==== Source information ====
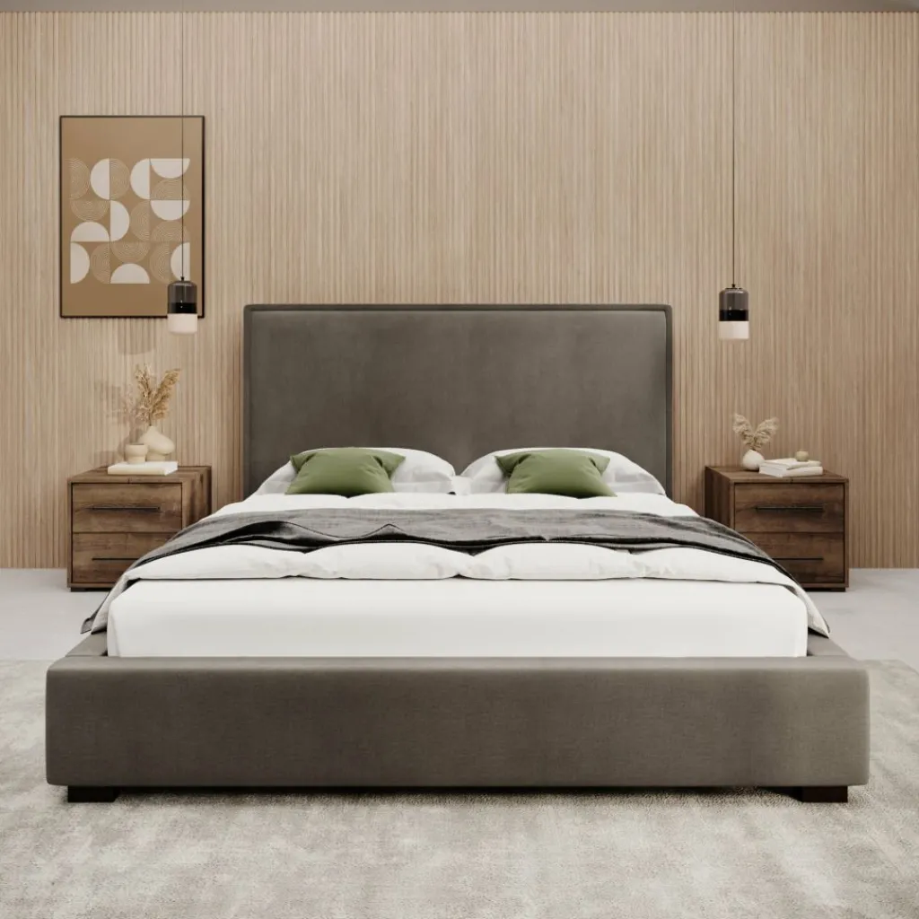 Het Veda tweepersoonsbed in velvet beige straalt luxe en comfort uit. De fluweelzachte stof geeft het bed een elegante uitstraling en voelt bovendien heerlijk zacht aan. De warme beige tint zorgt voor een rustige en sfeervolle basis in de slaapkamer, terwijl het hoge hoofdbord het geheel een stijlvolle finishing touch geeft.
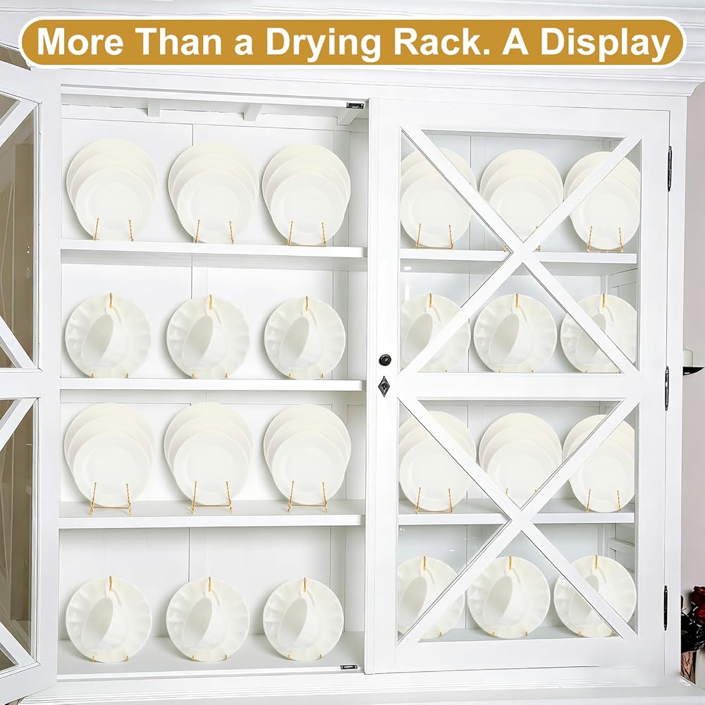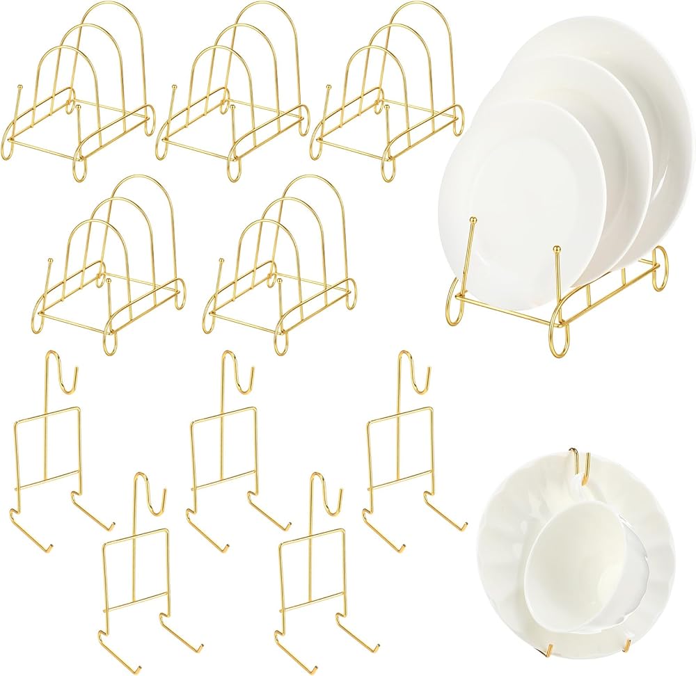 The gold plate holder and cup and saucer display stands are versatile and can hold plates, platters, bowls, tea cups, mugs, coffee cups, etc., combining practicality and aesthetics, it is suitable for displaying elegant dishes on your kitchen counter, china cabinet or hutch, it can also give your kitchen more storage space and make it more organized
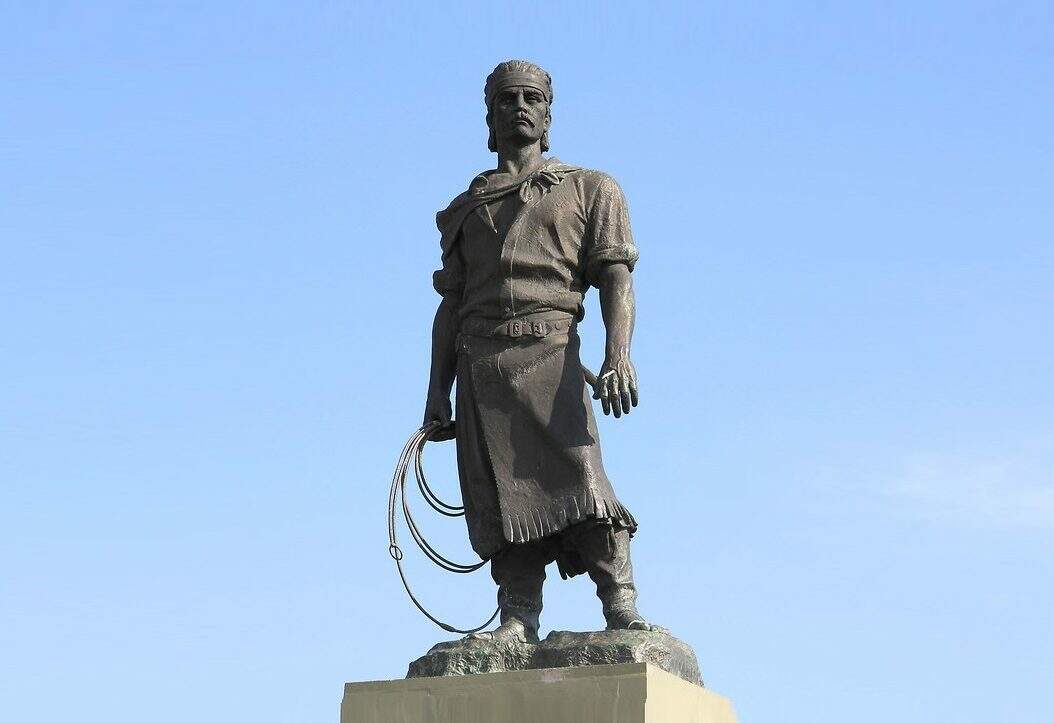 Criado e executado por Caringi em 1954, o monumento confeccionado em metal reproduz a figura de um gaúcho pilchado e teve como modelo o folclorista João Carlos Paixão Côrtes (1927-2018). A obra está instalada na Zona Norte de Porto Alegre, nas imediações do Aeroporto Internacional Salgado Filho e, desde 1992, é o símbolo oficial da cidade desde 1992. No ano passado, foi submetida a um amplo processo de restauração.
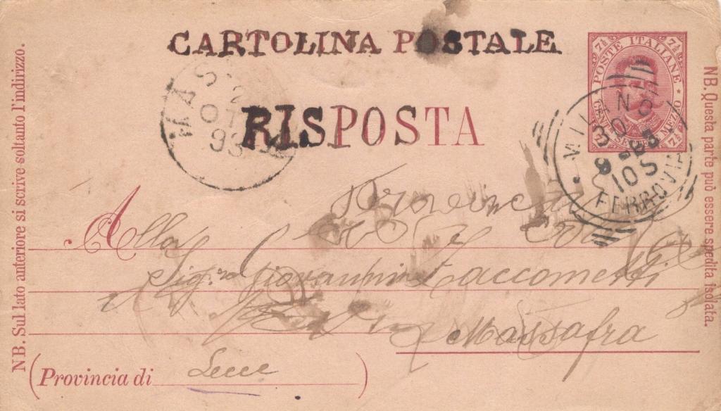 Autografo di Ulrico Hoepli su cartolina postale del Regno d’Italia, viaggiata e affrancata, recante al verso comunicazione manoscritta su carta intestata “Ulrico Hoepli – Milano – Libraio della Real Casa”.
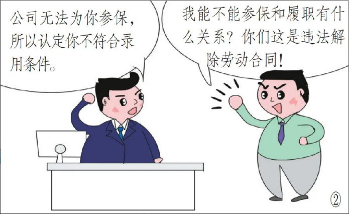 刘先生觉得,史某肯定是在社保问题上有“猫腻”导致公司无法为他参保,于是在请示公司总经理后,以不符合录用条件为由与尚在试用期内的史某解除劳动合同。史某不同意,说录用条件只能和履职相关,而参保缴费和履职无关,公司不能因无法为自己参保就认定自己不符合录用条件;如果公司不想被告,要么让自己留下,参保缴费的事慢慢谈,要么给点补偿,自己可以痛快走人。听了史某的条件,刘先生也不确定,公司解除劳动合同会不会真的违法。
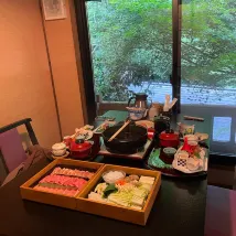 모든 것이 훌륭했습니다. 전용 온천이 있는 매우 넓은 객실. 음식은 맛있었어요.
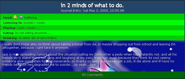 From this journal alone you can tell just how BAT SHIT INSANE this girl actually is, moar liek how BAT SHIT INSANE she claims to be for the sake of her friends attention amirite?. Of course all the things she denies in the journal are in fact true, she was in close relationship with the man she now calls her brother (a twenty-six year old angry-faggot-collector from Louisiana; bringing the age difference to twelve years - what a whopper; that's what she said)!
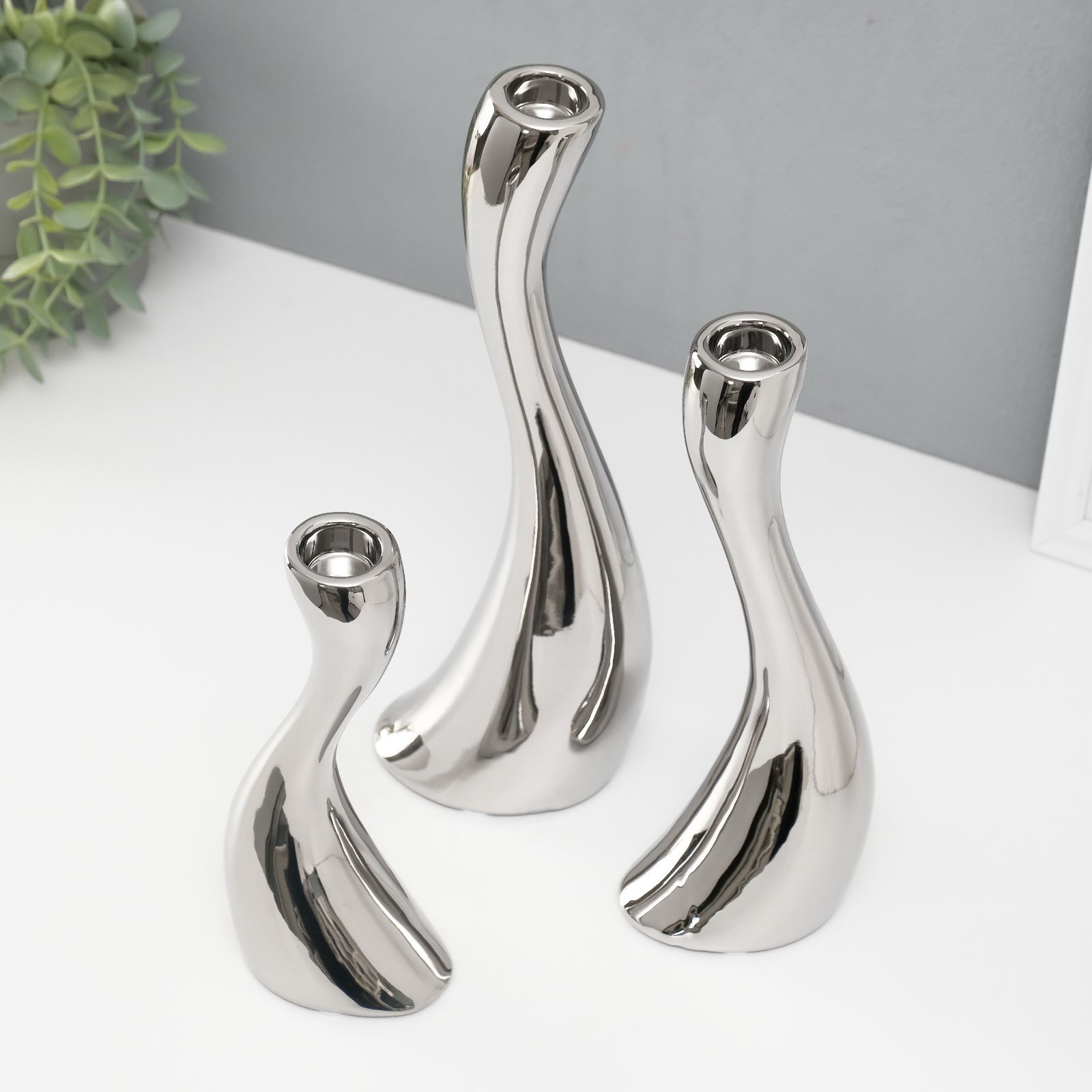 Подсвечник на 1 свечу "Волна", набор 3 шт., d=2.5 см, серебро, h=20; 25; 30 см, 30 см., Китай
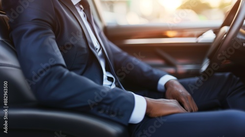 Cropped shot of a businessman sitting in a car, focusing on the professional appearance and modern lifestyle associated with commuting and business travel
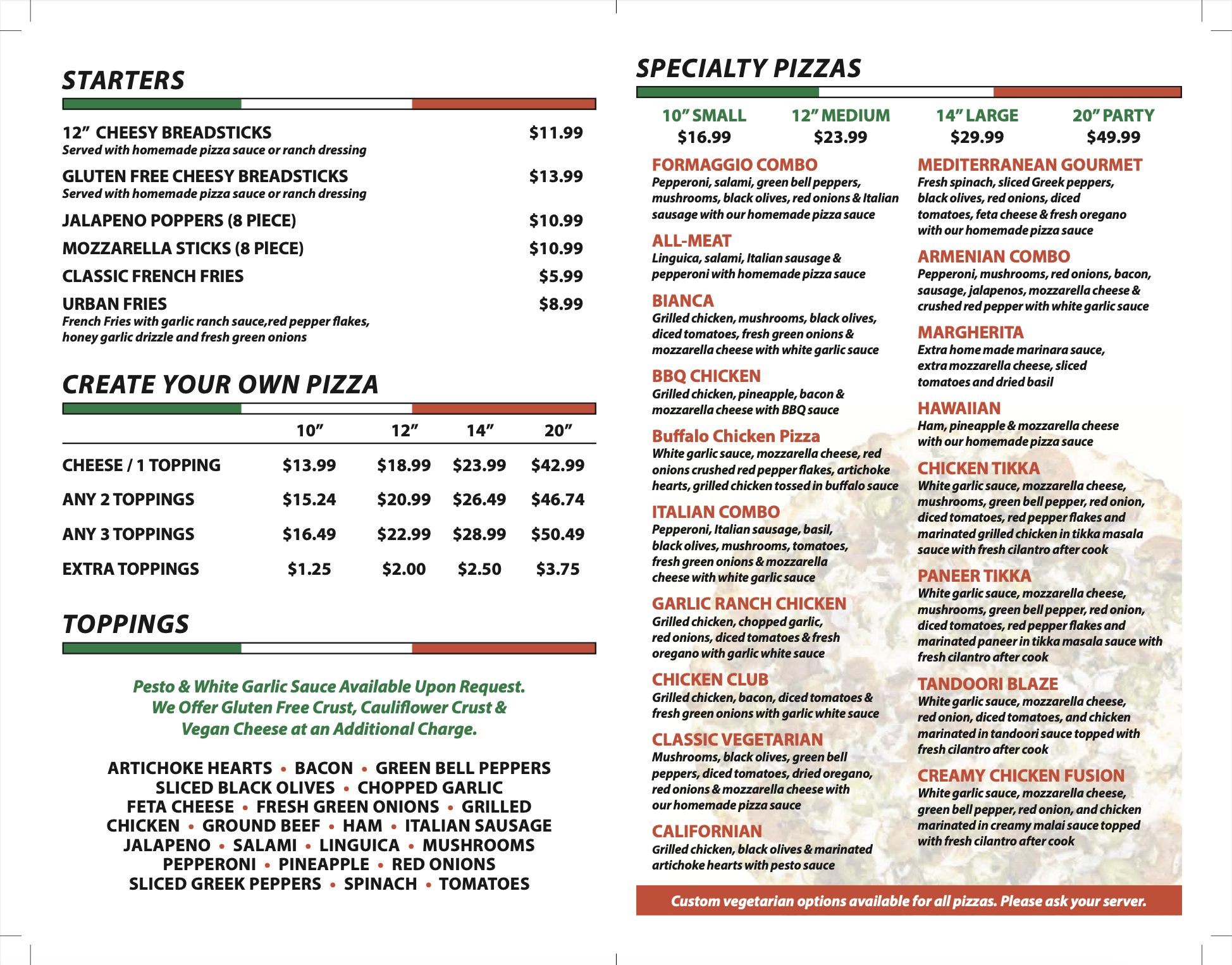 Town Center Menu
====
## Exercise
All lines from the one holding "Autografo di Ulrico" through the last line of the entries, and nothing else, are to be output exactly; leave out the pictures.

## Result
 Autografo di Ulrico Hoepli su cartolina postale del Regno d’Italia, viaggiata e affrancata, recante al verso comunicazione manoscritta su carta intestata “Ulrico Hoepli – Milano – Libraio della Real Casa”.
 刘先生觉得,史某肯定是在社保问题上有“猫腻”导致公司无法为他参保,于是在请示公司总经理后,以不符合录用条件为由与尚在试用期内的史某解除劳动合同。史某不同意,说录用条件只能和履职相关,而参保缴费和履职无关,公司不能因无法为自己参保就认定自己不符合录用条件;如果公司不想被告,要么让自己留下,参保缴费的事慢慢谈,要么给点补偿,自己可以痛快走人。听了史某的条件,刘先生也不确定,公司解除劳动合同会不会真的违法。
 모든 것이 훌륭했습니다. 전용 온천이 있는 매우 넓은 객실. 음식은 맛있었어요.
 From this journal alone you can tell just how BAT SHIT INSANE this girl actually is, moar liek how BAT SHIT INSANE she claims to be for the sake of her friends attention amirite?. Of course all the things she denies in the journal are in fact true, she was in close relationship with the man she now calls her brother (a twenty-six year old angry-faggot-collector from Louisiana; bringing the age difference to twelve years - what a whopper; that's what she said)!
 Подсвечник на 1 свечу "Волна", набор 3 шт., d=2.5 см, серебро, h=20; 25; 30 см, 30 см., Китай
 Cropped shot of a businessman sitting in a car, focusing on the professional appearance and modern lifestyle associated with commuting and business travel
 Town Center Menu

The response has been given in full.